Myanmar law students are reporting for JURIST on challenges to the rule of law in their country under the military junta that deposed the civilian government of Aung San Suu Kyi in February. For privacy and security reasons we are withholding this law student’s name and institutional affiliation. The text has been only lightly edited to respect the author’s voice.
Yesterday [Thursday, 16 Dec 2021], I went to Mandalay district court (located bet. 35th and 36th streets, on 65th street) with other chamber students. A lawyer from our firm was already there to copy a case file for another case and she called us to bring some case files on her desk and her coat to the court. There was a court hearing schedule and I carried a case file and a black lawyer coat. When we reached the courtroom, the hearing was already started. So, we entered the courtroom quietly and approached the defendant lawyer’s desk to hand over her case files and her black coat.
Before I handed her the things, I heard a sound and looked at my left side and in the courtroom there’s a guy with a rifle pointing his gun at me. He’s not wearing any uniform but just dressed like a civilian. He said nothing but just raised his gun and by his facial expressions (raising his chin and eyeing on the black coat in my hand), he was asking me what is the black thing I’m carrying in my hand. I raised the black coat and said loudly “It’s just a black coat which is the uniform lawyers wear.” He was still not lowering his gun. I didn’t know what else to explain. Whether to shoot me or not, it’s up to him. I just stood there. Then, the lawyer from our firm shouted that “It’s just a black coat and she’s bringing it for me to wear.” Then, he lowered the gun and let me pass the coat and case files to her. This is not the first time a junta [agent] pointed a gun towards me but here, in a courtroom! I don’t think any lawyers, judges and legal interns in other countries would have ever faced such thing.
Before, I have heard many lawyers said they have to be careful of their word choice in the court because it is not a good place to talk about justice anymore. But now, I’m witnessing it myself. I was also wearing a black coat which means they surely knew I might be a lawyer. Yet, they did not even hesitate to point the gun at me. Rather than fear, I felt so angry about the way they’re desecrating the courtroom with their guns and military boots. In this situation, how are we going to talk about Justice and Human rights? They have their guns ready.

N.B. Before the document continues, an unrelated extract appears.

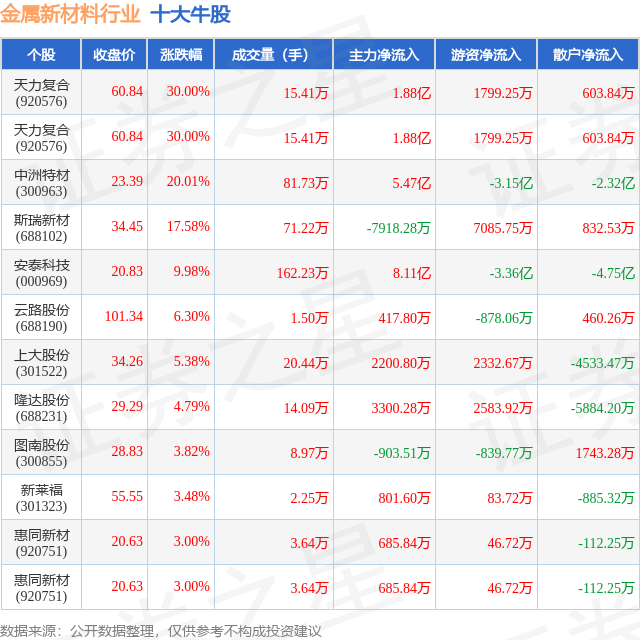 个股表现方面,金属新材料行业当日领涨股为天力复合(920576),该股当日报收60.84,上涨30.0%,成交量15.41万,主力资金净流入1.88亿元。天力复合(920576)以上涨30.0%紧随其后,该股当日成交量15.41万,主力资金净流入1.88亿元。除此之外,中洲特材(300963)、斯瑞新材(688102)、安泰科技(000969)均进入当日牛股之列。具体个股列表见下表:

As the hearing went on, I sat in the courtroom and listened to the hearings. Two more juntas with guns entered the room and all three of them occupied the entire front line bench so we had to sit a bit far from the ring where witnesses were examined. We took the notes of witness statements and cross examination questions from the plaintiff sides. First, total 8 witnesses were supposed to be called on that day but the examination of just one witness is taking long with all chief, cross and re-examination. This is a very strange thing I’ve heard from a judge. The judge told the lawyer who was re-examining the accused person “to keep it short.” It’s not that she’s pleading something irrelevant to the case. She was just letting the person explain his case fully at the court so that a fair judgement can be made for him. But she told off to keep it short and that she had other things to do. She could either arrange another court hearing for other witnesses if she’s exercising her power reasonably instead of making an order which prevents a person from exercising his right to be heard at the proceeding. A person’s life depends on her decision and that’s what a judge said. I don’t ever want to practice law in a courtroom ruled by such judge who is ignorant of her duty to comply with fair trial principles and a room full of loaded guns. “Puppet judge” is not just a metaphor but a literal meaning of a “non-CDM [government officers who do not participant in Civil Disobedience Movement] judge” in the courtroom of Myanmar.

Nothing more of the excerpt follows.